In the alcohol withdrawal phase, a decrease in proinflammatory cytokines, together with an increase of anti-inflammatory ones, was found a few days after the cessation of consumption [82]. Furthermore, in patients with Alcoholic Liver Disease, CCL18 expression was increased in the adipose tissue after one week [108]. This chemokine induces an M2 macrophage phenotype [109] that is related to an anti-inflammatory response [110]. Therefore, these findings suggest that the inflammatory effect of alcohol begins to revert rapidly when alcohol consumption stops.
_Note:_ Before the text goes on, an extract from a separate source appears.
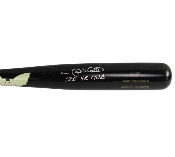 A New York Yankees SAM Black MLB Bat hand signed by Gary Sheffield. The item and signature are in excellent condition. In addition to signing his name, Gary also inscribed "500 HR Club" on the item. Gary is a 9x All Star, a World Series champion, and a 5x winner of the Silver Slugger Award. AUTHENTICATION: The item is accompanied by a JSA Certificate of Authenticity - JSA Serial Numbered & Databased Hologram

These changes were also found up to one month after the cessation of alcohol consumption [111]. Consistently with previous findings, advanced glycation end products (AGE) remain elevated one month after the termination of consumption [112], and decreases in Clara Cell secretory protein (CC16) [111], a protein with anti-inflammatory properties that has been postulated as a biomarker in several lung diseases, have also been observed [113].

Therefore, improving inflammatory parameters may provide a basis for detecting relapses in patients undergoing alcohol withdrawal in the short and medium term. However, it is necessary to investigate the potential of inflammatory biomarkers during a more prolonged detoxification period and to predict the patients who are the most susceptible to delirium tremens due to alcohol withdrawal, a condition that could compromise their lives (Table 4).

Table 4

Alcohol Use Disorder: Withdrawal.

Target	Experimental Design	Sample	Major Finding	Species	Method	References
IL-6, IL-8, IL-10	Withdrawal	Serum	↓ levels after a few days of abstinence in patients with an alcohol withdrawal syndrome	Human	ELISA	[82]
Advanced glycation end products (AGE)			↑ In patients with at least one month of abstinence compared to control.		Spectrophotometric	[112]
IL-1RA, Il-8, Il-6			↑ Alcoholic patients without liver disease one month of detoxification, compared with control.		ELISA	[111]
Clara cell secretory protein (CC16)			↓ Alcoholic patients without liver disease one month of detoxification
CCL18		Subcutaneous Adipocyte tissue	↑ after one week of withdrawal in ALD patients		Real-time PCR	[108]

“↑” refers to an increase and “↓” to a decrease in the target of interest.

4.4. Alcoholic Liver Disease

One of the most visible consequences of the chronic, long-term consumption of large amounts of alcohol is the progression to liver disease (ALD). The disease progresses from the initial stages with fatty liver disease, which is reversible in many cases, to liver inflammation, and finally to loss of function due to liver fibrosis or cirrhosis.

Alterations in the levels of TNF-α and HSP70 [114] were found in HSP70 from the early stages of AML. It is a well-known DAMP that is associated with low-grade inflammation. This low-grade inflammation can be measured by the High-sensitivity C-reactive protein (hsCRP), which has a lower threshold than conventional CRP. Furthermore, the hsCRP values correlate positively with the markers of hepatic dysfunction [115].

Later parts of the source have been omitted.